In 2022, breakthrough evolution in the development of malware targeting industrial control systems (ICS), scaled ransomware attacks against manufacturing, and geopolitical tensions brought increased attention to the industrial cyber threat landscape, according to the 2022 Dragos ICS/OT Cybersecurity Year in Review.
Omar Al Barghouthi, Regional Director, Middle East, at Dragos said “As in previous years, the ICS/OT community has managed a growing number of vulnerabilities, many without the right mitigations needed to reduce risk and maintain operations. Meanwhile, electric grids, oil and gas pipelines, water systems, and manufacturing plants continued to struggle with more complex regulatory environments that demand marked progress in shoring up defences.”
Al Barghouthi added “The sixth edition of Dragos’s report, which provides an ‘on-the-ground’ understanding of what is happening in the industrial space, contains the latest threat intelligence on adversary activity targeting operational technology (OT) and recent ICS-specific malware discoveries, data to inform vulnerability management practices, and cybersecurity benchmarks for industries.”
Industrial control systems (ICS) malware PIPEDREAM, the eighth ICS-specific malware and a modular cross-industry toolkit, had a breakthrough increase in capabilities in 2022. PIPEDREAM was created by CHERNOVITE, one of two new ICS Threat Groups that Dragos detected in 2022. It can affect equipment that controls the water system, manufacturing plants, oil and gas pipelines, and electrical grid. Given that the techniques target important vendor systems, this may be seen as a supply chain risk by industrial operators.
In 2022, a newly identified ICS Threat Group called BENTONITE has been found to focus on industrial control systems and operational technology. They have been targeting maritime oil and gas, as well as state, local, tribal, and territorial governments, and the manufacturing industry since 2021. BENTONITE carries out offensive activities to gather intelligence and create disruptions. They exploit weaknesses in internet-exposed assets to gain access.
Ransomware is cited as the top financial and operational risk to industrial organizations. Out of the 57 ransomware groups targeting industrial organizations and infrastructures, Dragos observed, through public incidents, network telemetry, and dark web resources, that only 39 groups were active in 2022. Dragos identified 605 ransomware attacks against industrial organizations in 2022, an increase of 87% over last year.
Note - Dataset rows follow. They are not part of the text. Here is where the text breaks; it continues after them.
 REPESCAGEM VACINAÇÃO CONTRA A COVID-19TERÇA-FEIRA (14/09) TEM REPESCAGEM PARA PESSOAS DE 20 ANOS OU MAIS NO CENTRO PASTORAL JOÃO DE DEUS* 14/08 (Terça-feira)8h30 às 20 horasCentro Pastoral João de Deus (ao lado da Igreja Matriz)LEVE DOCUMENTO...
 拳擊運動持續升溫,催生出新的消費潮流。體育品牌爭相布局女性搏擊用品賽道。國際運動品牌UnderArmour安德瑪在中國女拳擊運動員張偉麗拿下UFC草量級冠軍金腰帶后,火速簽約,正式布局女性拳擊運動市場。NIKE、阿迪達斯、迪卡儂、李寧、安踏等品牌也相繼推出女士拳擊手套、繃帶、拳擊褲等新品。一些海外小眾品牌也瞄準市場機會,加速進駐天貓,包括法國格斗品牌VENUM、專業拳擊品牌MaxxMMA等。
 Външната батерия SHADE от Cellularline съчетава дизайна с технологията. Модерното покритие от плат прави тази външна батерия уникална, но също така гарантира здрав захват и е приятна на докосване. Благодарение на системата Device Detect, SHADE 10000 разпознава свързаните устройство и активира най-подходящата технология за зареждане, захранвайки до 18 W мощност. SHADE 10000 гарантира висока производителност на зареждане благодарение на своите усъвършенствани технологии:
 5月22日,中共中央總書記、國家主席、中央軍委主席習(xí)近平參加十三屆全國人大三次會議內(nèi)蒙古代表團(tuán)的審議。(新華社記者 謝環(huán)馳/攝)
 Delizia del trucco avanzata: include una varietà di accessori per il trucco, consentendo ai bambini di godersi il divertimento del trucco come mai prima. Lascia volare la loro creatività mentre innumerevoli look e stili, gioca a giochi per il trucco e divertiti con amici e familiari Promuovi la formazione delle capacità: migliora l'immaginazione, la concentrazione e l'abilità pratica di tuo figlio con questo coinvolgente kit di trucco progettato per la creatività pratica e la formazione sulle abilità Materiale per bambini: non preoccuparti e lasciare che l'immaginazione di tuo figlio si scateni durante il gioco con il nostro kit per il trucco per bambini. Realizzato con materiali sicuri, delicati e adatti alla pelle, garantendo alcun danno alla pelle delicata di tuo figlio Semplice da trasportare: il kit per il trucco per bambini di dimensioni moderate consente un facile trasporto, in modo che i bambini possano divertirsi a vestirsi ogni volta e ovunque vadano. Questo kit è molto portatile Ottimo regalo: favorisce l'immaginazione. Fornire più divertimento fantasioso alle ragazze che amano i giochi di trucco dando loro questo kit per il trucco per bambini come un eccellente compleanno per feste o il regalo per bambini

By region, North America accounted for 40% of all ransomware attacks, followed by Europe (32%). The Middle East saw only 3% of all ransomware attacks, which is the equivalent of 17 incidents. In terms of sectors, manufacturing claimed the highest share, a staggering 72%, but ransomware attacks spanned many industries, including food and beverage, energy, pharmaceuticals, oil and gas, water, mining, and metals.
There is still a long way to go in defending against ransomware risks as evidenced by the findings of Dragos service engagements, which included a finding of improper network segmentation in 50% of cases and a finding of external connections from OEMs, IT networks, or the Internet to the OT network in 53% of cases.
In 2022, there was a significant rise of 27% in reported vulnerabilities related to ICS/OT. This highlights the heightened awareness and concern among security experts about the dangers posed to industrial infrastructure. A majority (83%) of the vulnerabilities were located in the innermost parts of the ICS network. The Dragos Threat Intelligence team studied 2170 common vulnerabilities and exposures (CVEs) during 2022, which is an increase from 1703 CVEs analyzed in 2021.
Dragos has been using its Professional Services team for the past six years to gain an “on the ground” understanding of the challenges the industrial community faces and to bring back observations and lessons learnt from the field. Since 2019, Dragos has tracked four major discoveries and has reported on them annually.
• 80% of Dragos services engagements had limited to no visibility into their ICS/OT environment, showing no significant change from 2019.
• 50% of services engagements identified issues with network segmentation with poor security perimeters, a 27% decrease over the previous year.
• Dragos engagement that included findings of external connections to OT in 2022 dropped significantly from 70% to 53%.
• 54% of Dragos services engagements included findings related to shared credentials, up from 44% in 2021.
Al Barghouthi commented “Based on findings of our Year in Review Report, I would urge organizations in the critical infrastructure sector to be proactive about having an OT cybersecurity program that is distinct from IT. OT involves different devices, communication protocols, adversary behaviours, and vulnerability management practices. Cyber attacks can result in physical impacts and investigations require a different set of tools. For guidance, the SANS Institute identified five critical controls for ICS/OT cybersecurity including having an ICS incident response plan, a defensible architecture, visibility and monitoring, secure remote access, and risk-based vulnerability management.”